[Source data]
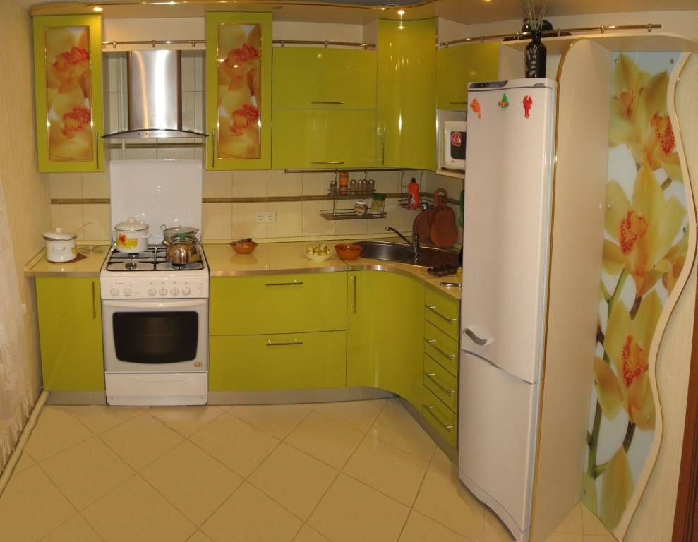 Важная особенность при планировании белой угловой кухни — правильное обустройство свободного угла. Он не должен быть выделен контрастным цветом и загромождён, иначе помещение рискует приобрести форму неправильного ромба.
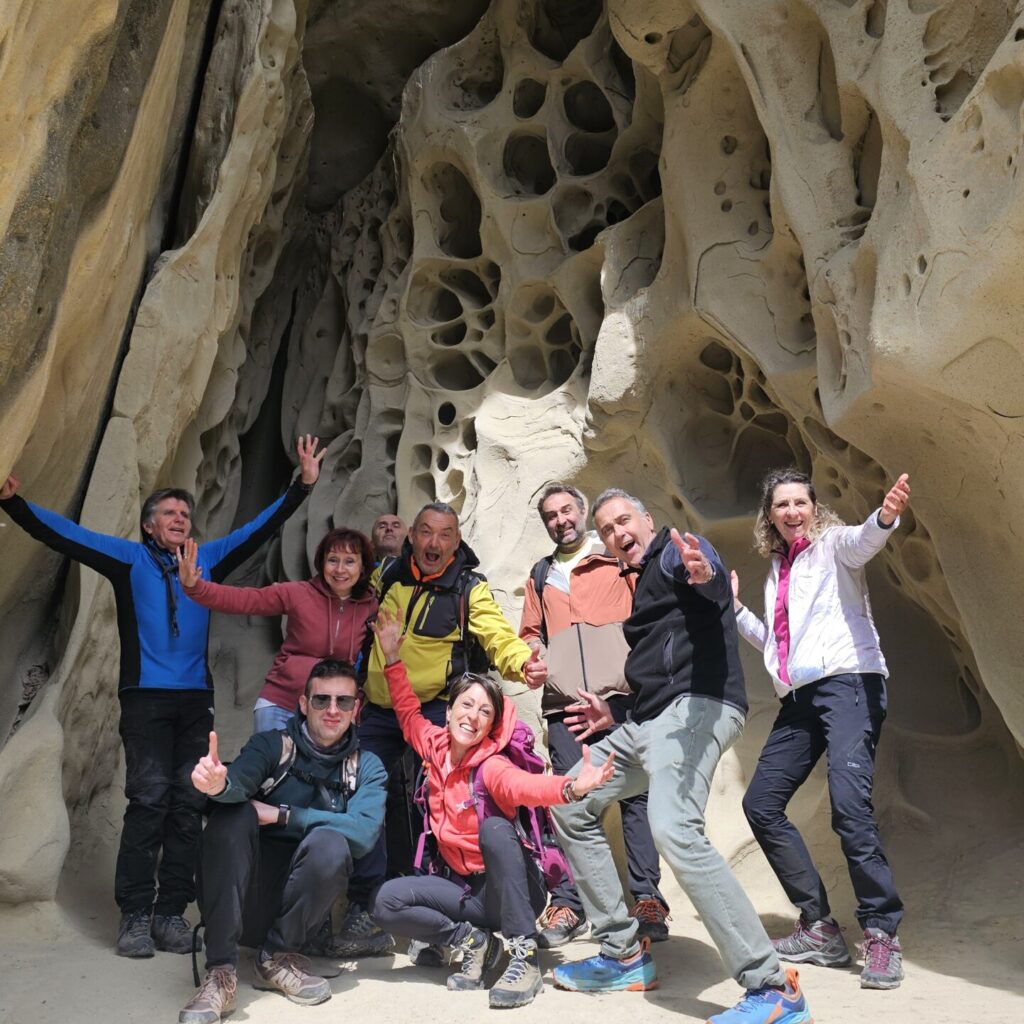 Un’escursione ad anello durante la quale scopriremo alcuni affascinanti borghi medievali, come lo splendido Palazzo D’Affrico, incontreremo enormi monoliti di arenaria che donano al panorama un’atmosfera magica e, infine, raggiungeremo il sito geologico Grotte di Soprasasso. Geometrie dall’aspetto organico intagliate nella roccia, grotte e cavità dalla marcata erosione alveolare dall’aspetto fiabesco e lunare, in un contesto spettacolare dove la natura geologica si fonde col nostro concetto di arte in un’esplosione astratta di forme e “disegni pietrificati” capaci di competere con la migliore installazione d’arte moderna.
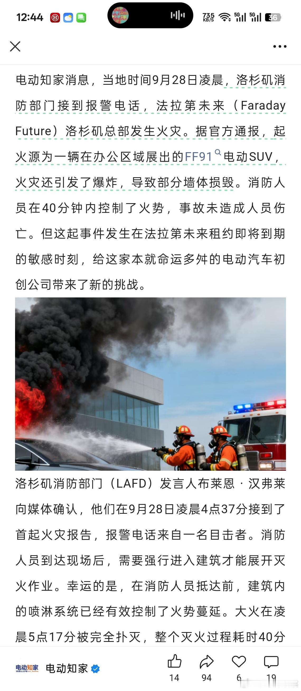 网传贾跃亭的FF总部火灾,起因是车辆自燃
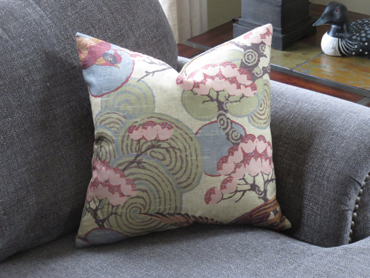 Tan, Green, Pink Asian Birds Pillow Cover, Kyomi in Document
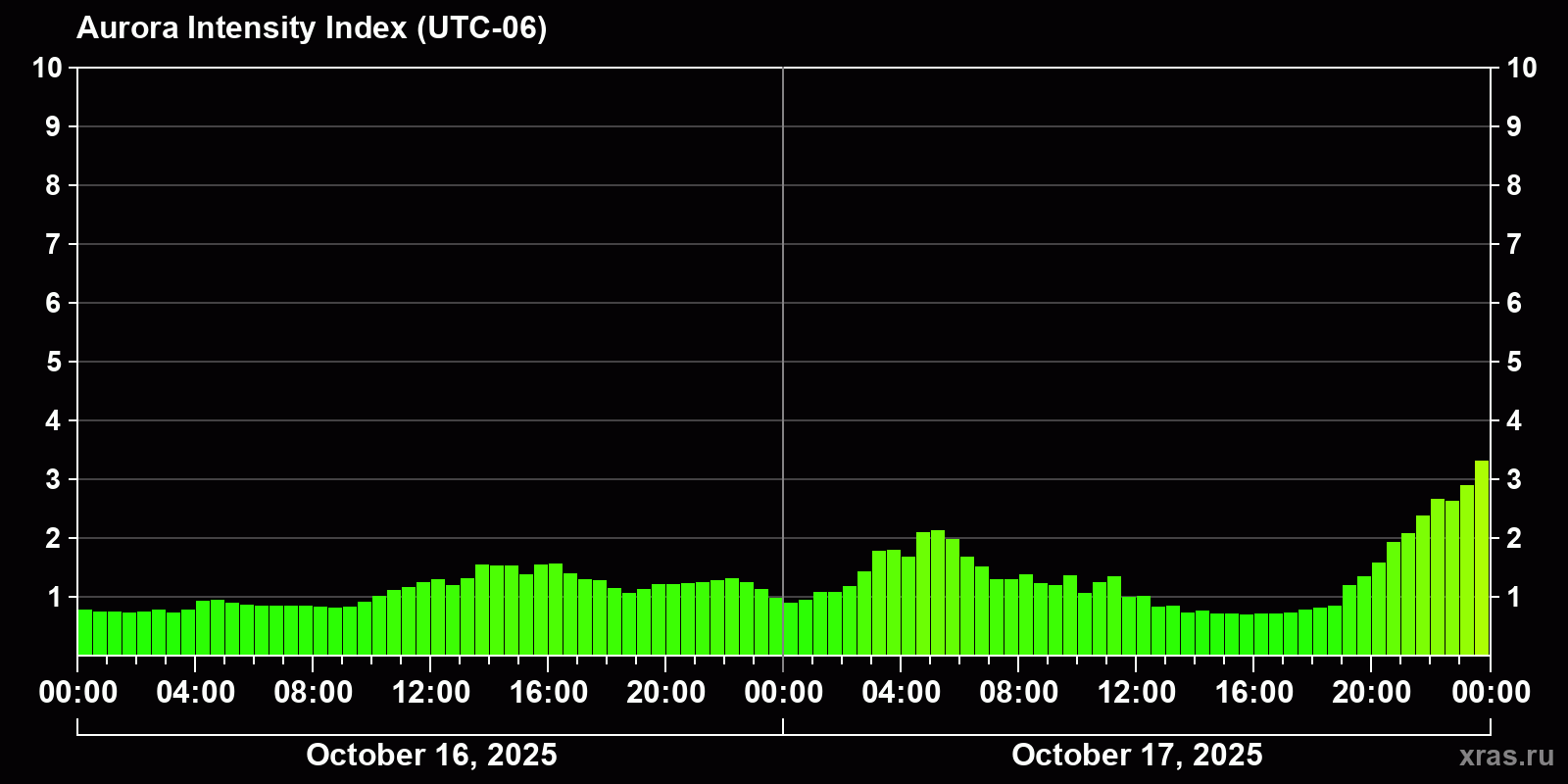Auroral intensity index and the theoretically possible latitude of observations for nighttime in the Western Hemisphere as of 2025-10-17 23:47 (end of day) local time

→ **How to complete this task**:
Nothing but the lines from the line with "网传贾跃亭的FF总部火灾,起因是车辆自燃" through the last line of the data above should be printed, exactly as written and without pictures.

→ **Finished exercise**:
 网传贾跃亭的FF总部火灾,起因是车辆自燃
 Tan, Green, Pink Asian Birds Pillow Cover, Kyomi in Document
Auroral intensity index and the theoretically possible latitude of observations for nighttime in the Western Hemisphere as of 2025-10-17 23:47 (end of day) local time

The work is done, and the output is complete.